Results: There were significant differences in estradiol levels on HCG injection, but there were no differences in available embryo rate, clinical pregnancy rate, miscarriage rate, and live birth rate. Binary logistic regression analysis showed that there was no significant correlation between P level on the day after HCG injection and the live birth rate.

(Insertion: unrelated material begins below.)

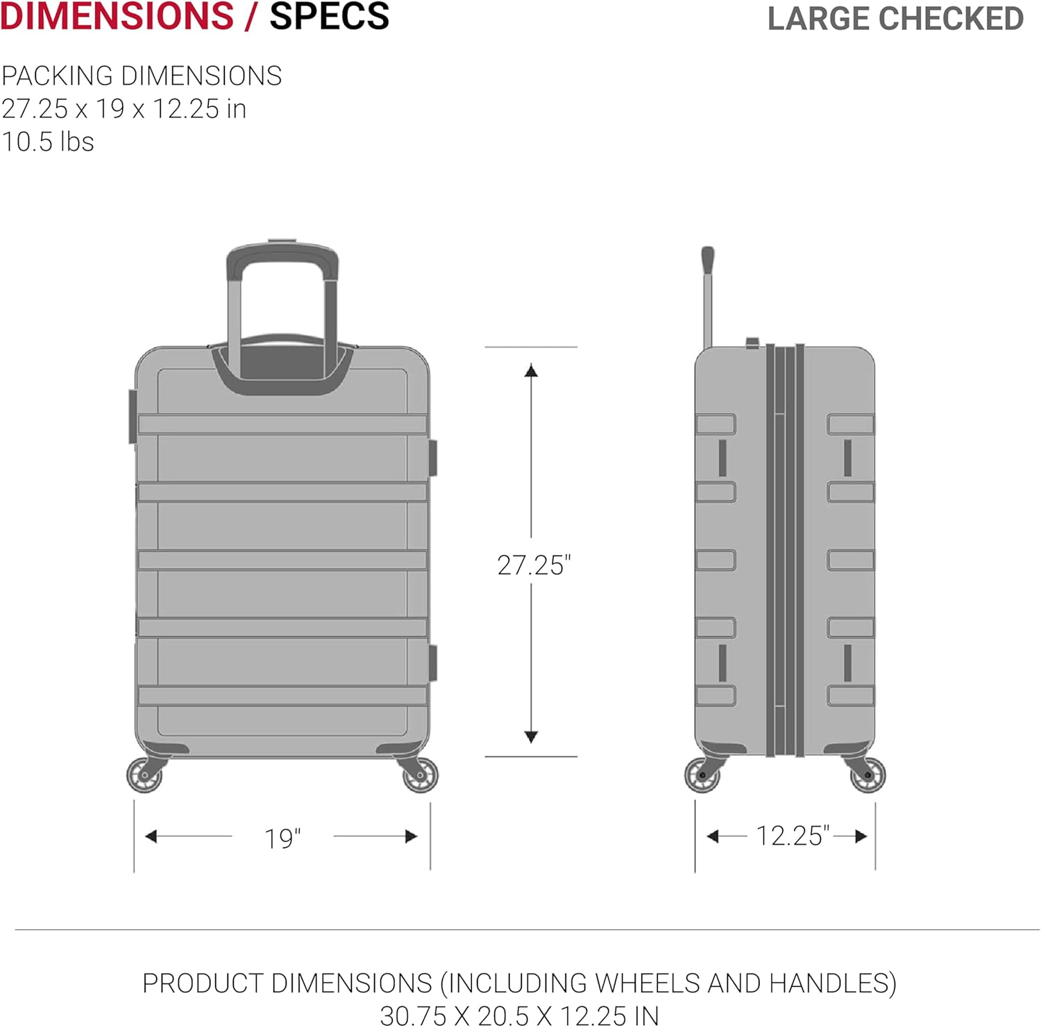 - Expandable Checked Luggage: Offering 27.25" x 19" x 12.25" of packing space, this rolling suitcase is perfect for longer trips. With an overall size of 30.75" x 20.5" x 12.25", it provides ample room for all your travel essentials while keeping everything organized and secure.

Conclusion: Under the condition of low P level on HCG injection, high progesterone levels on the day after HCG injection does not affect the clinical pregnancy outcomes of IVF-ET.

1 Introduction

In the realm of assisted reproductive technologies, in vitro fertilization-embryo transfer (IVF-ET) stands as the ultimate resource for infertile women in their quest for pregnancy. The realization of an optimal clinical pregnancy outcome is influenced by many factors, including age, ovulation induction scheme, thickness of the transplanted endometrium, quality and quantity of transplanted embryos, endometrial receptivity, and so on. At present, many studies have proved that progesterone level on human chorionic gonadotropin (HCG) injection reaching or exceeding 1.5ng/ml will significantly affect the clinical pregnancy outcome in IVF-ET. The primary mechanistic underpinning this impact lies in the increased progesterone levels disrupting endometrium receptivity, leading to premature transformation of endometrium, and inducing asynchronous development between the embryo and the endometrium (Bosch et al., 2010) (1).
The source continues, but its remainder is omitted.